— WHAT THE TASK REQUIRES —
Copy word for word the lines in the records below, starting at the line with "交易所2025年11月3日公" and ending at the line with "星期二 9:00-17:30 )". Skip the pictures.

MATERIAL SUPPLIED: Begin

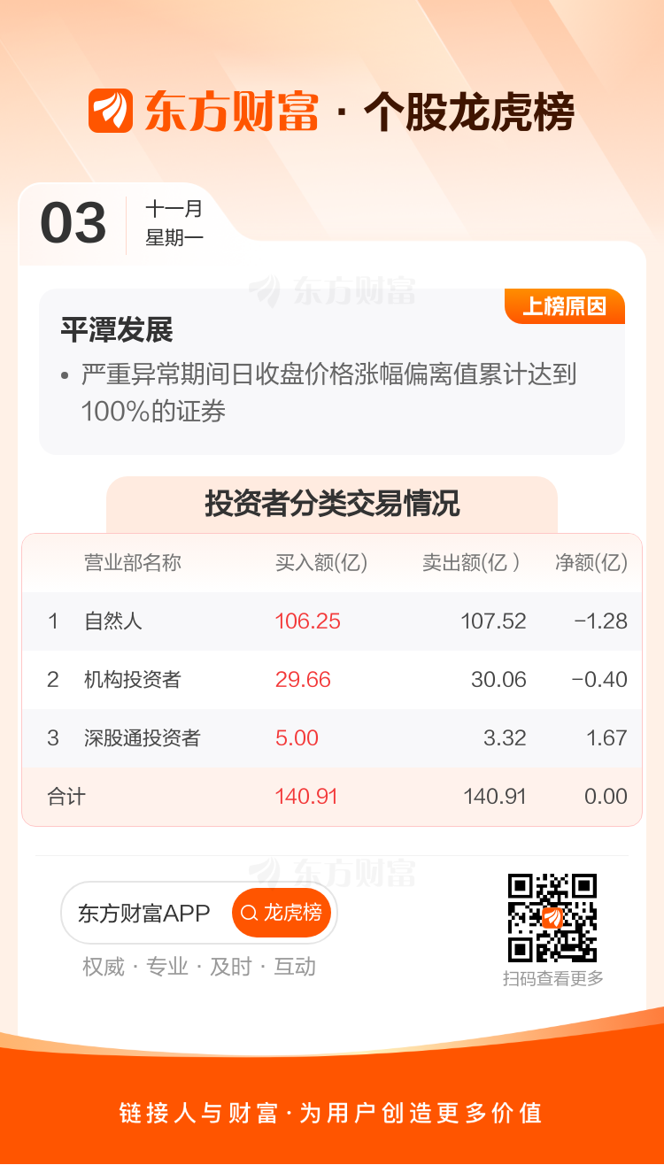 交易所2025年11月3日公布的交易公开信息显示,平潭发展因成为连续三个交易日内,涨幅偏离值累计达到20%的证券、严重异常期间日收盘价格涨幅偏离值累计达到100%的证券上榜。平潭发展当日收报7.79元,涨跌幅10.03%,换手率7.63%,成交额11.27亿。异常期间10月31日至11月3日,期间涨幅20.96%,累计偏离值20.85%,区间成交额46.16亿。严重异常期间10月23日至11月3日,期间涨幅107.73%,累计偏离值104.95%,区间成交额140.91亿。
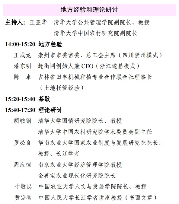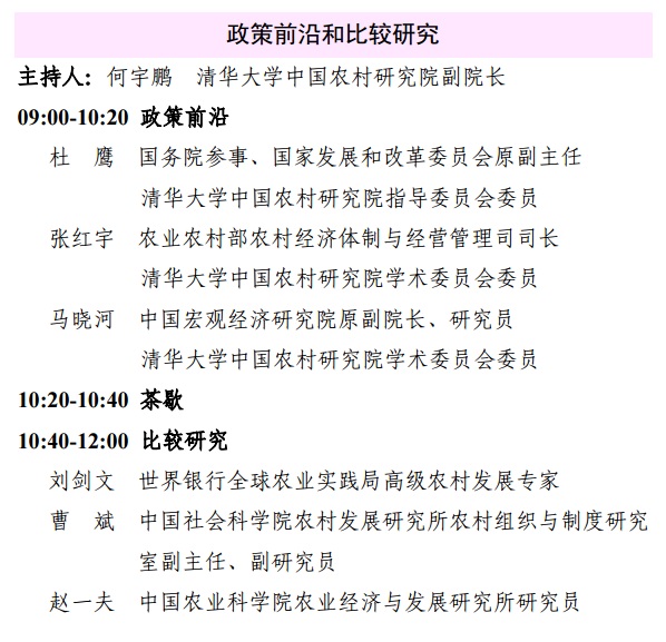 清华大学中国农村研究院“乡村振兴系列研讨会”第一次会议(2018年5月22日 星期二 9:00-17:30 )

MATERIAL SUPPLIED: End
MATERIAL SUPPLIED: Begin

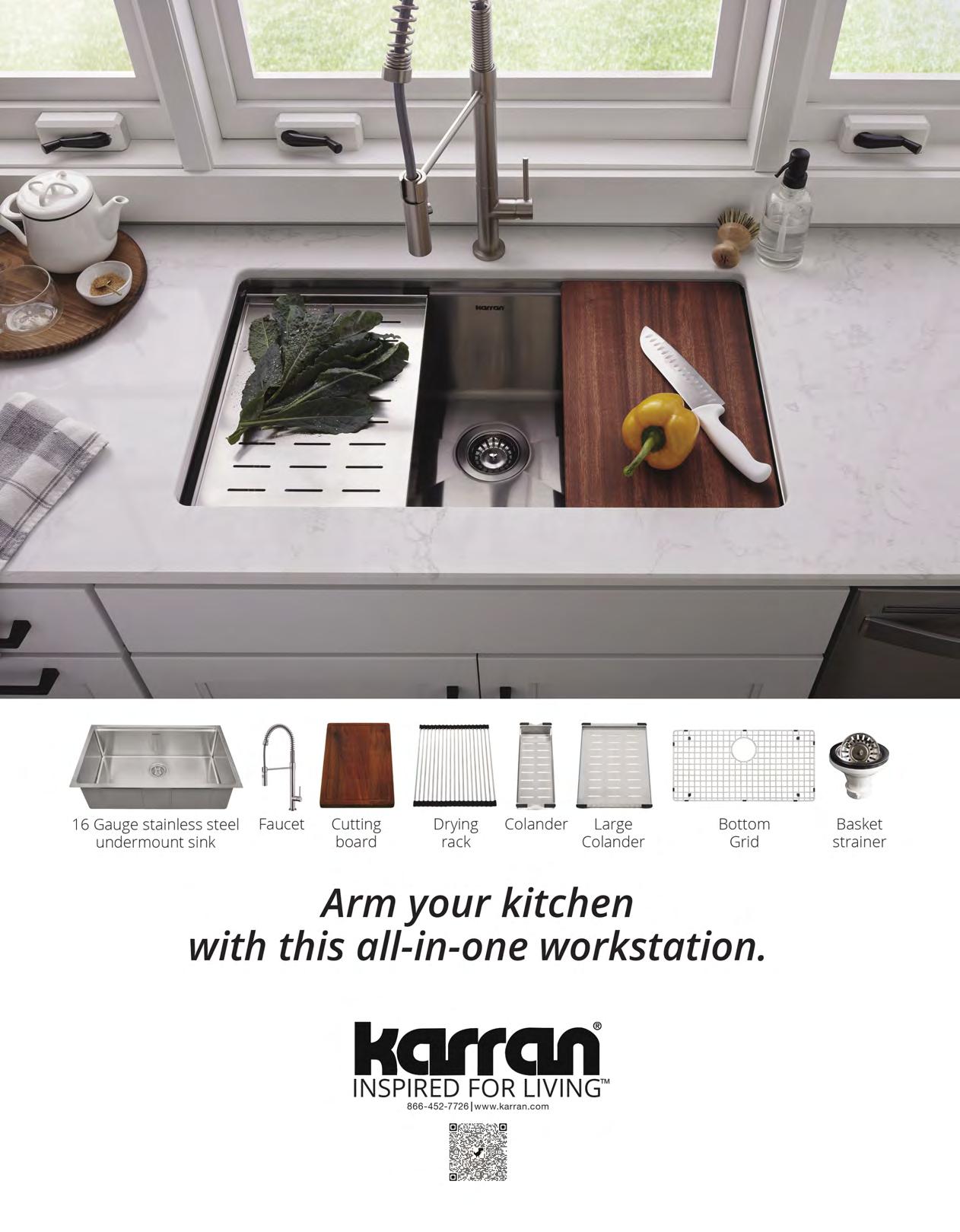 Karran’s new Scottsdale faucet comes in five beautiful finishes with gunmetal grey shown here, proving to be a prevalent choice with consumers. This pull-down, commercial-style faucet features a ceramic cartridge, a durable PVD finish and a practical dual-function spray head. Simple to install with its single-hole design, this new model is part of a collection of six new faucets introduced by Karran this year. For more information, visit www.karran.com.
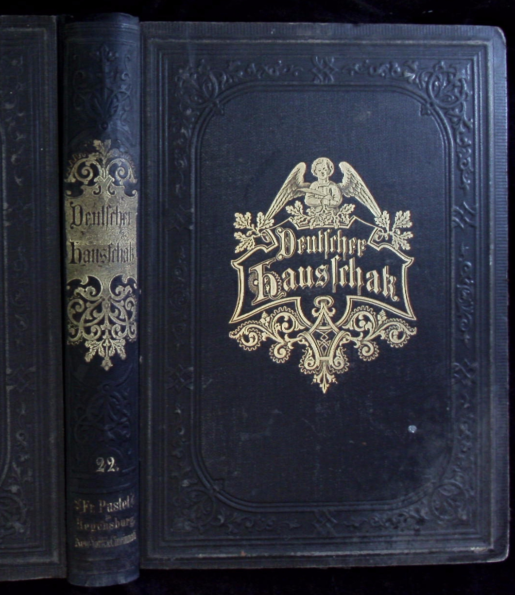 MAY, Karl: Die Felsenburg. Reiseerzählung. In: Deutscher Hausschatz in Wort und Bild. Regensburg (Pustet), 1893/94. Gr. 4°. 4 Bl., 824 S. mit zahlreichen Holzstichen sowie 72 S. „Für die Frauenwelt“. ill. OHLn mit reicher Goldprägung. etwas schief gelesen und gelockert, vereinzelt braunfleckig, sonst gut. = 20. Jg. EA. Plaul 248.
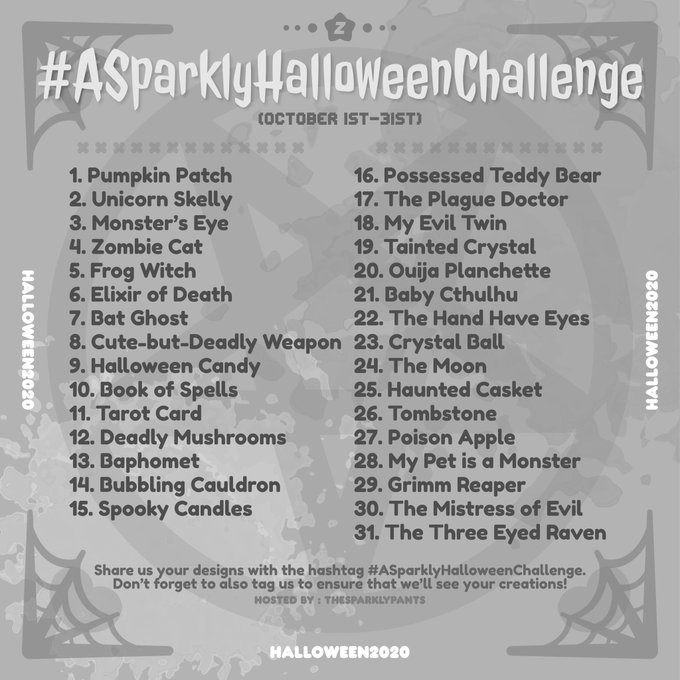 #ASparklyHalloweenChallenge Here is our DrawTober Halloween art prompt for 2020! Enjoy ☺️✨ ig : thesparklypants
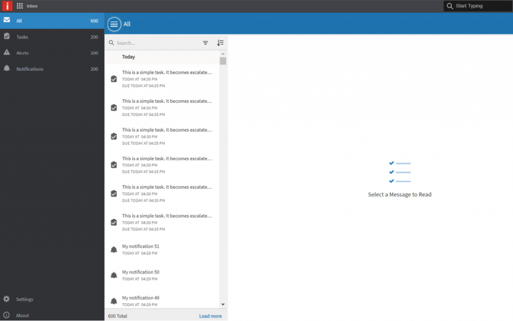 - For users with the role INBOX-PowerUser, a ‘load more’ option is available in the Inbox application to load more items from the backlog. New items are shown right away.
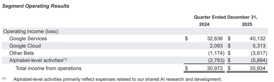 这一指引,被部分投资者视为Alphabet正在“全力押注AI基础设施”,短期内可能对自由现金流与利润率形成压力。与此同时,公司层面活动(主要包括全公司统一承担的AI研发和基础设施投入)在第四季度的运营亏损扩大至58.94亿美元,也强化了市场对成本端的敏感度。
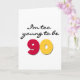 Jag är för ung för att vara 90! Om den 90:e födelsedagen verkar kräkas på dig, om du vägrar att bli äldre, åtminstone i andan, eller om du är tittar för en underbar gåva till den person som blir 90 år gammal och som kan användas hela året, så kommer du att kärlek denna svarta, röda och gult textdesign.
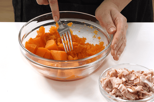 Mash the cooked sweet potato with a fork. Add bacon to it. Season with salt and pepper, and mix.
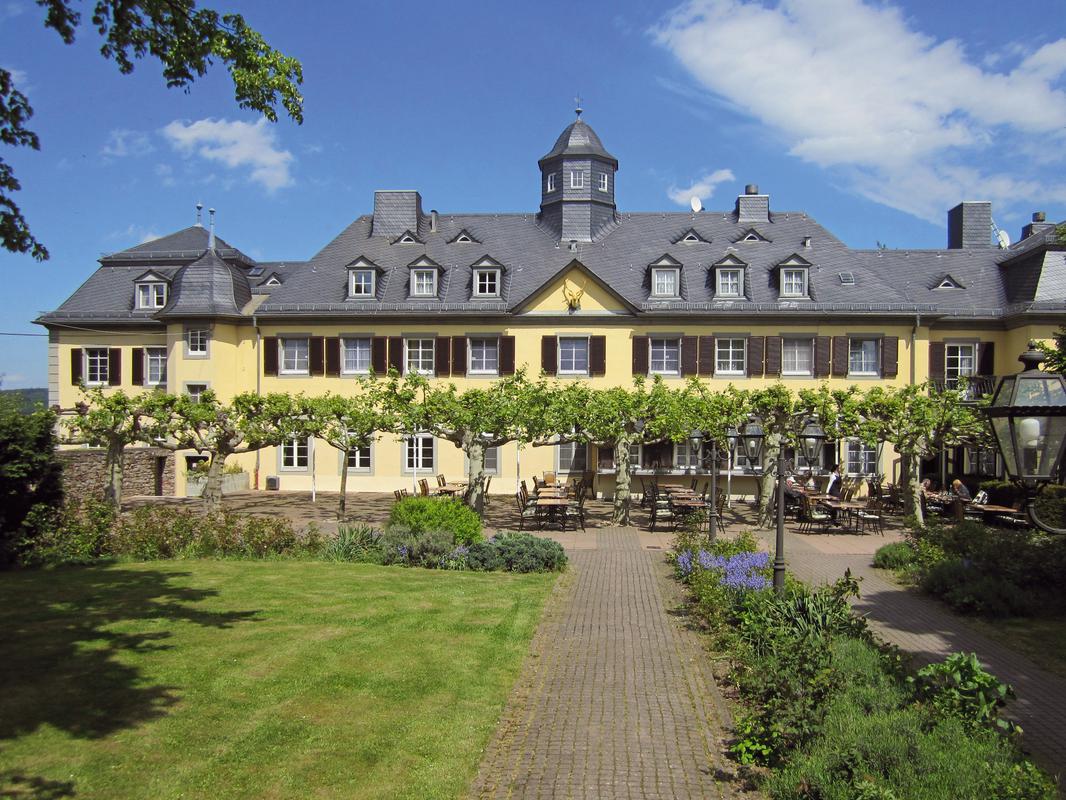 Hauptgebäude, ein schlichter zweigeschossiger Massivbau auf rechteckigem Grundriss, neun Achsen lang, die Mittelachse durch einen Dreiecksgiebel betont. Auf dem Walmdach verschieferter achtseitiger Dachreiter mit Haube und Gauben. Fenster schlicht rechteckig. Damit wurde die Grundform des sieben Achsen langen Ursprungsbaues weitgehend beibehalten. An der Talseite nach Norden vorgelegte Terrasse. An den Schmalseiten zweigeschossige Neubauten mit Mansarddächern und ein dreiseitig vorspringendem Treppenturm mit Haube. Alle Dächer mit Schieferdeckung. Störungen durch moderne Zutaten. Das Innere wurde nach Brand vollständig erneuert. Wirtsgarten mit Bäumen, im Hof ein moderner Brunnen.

MATERIAL SUPPLIED: End

— ANSWER —
 交易所2025年11月3日公布的交易公开信息显示,平潭发展因成为连续三个交易日内,涨幅偏离值累计达到20%的证券、严重异常期间日收盘价格涨幅偏离值累计达到100%的证券上榜。平潭发展当日收报7.79元,涨跌幅10.03%,换手率7.63%,成交额11.27亿。异常期间10月31日至11月3日,期间涨幅20.96%,累计偏离值20.85%,区间成交额46.16亿。严重异常期间10月23日至11月3日,期间涨幅107.73%,累计偏离值104.95%,区间成交额140.91亿。
 清华大学中国农村研究院“乡村振兴系列研讨会”第一次会议(2018年5月22日 星期二 9:00-17:30 )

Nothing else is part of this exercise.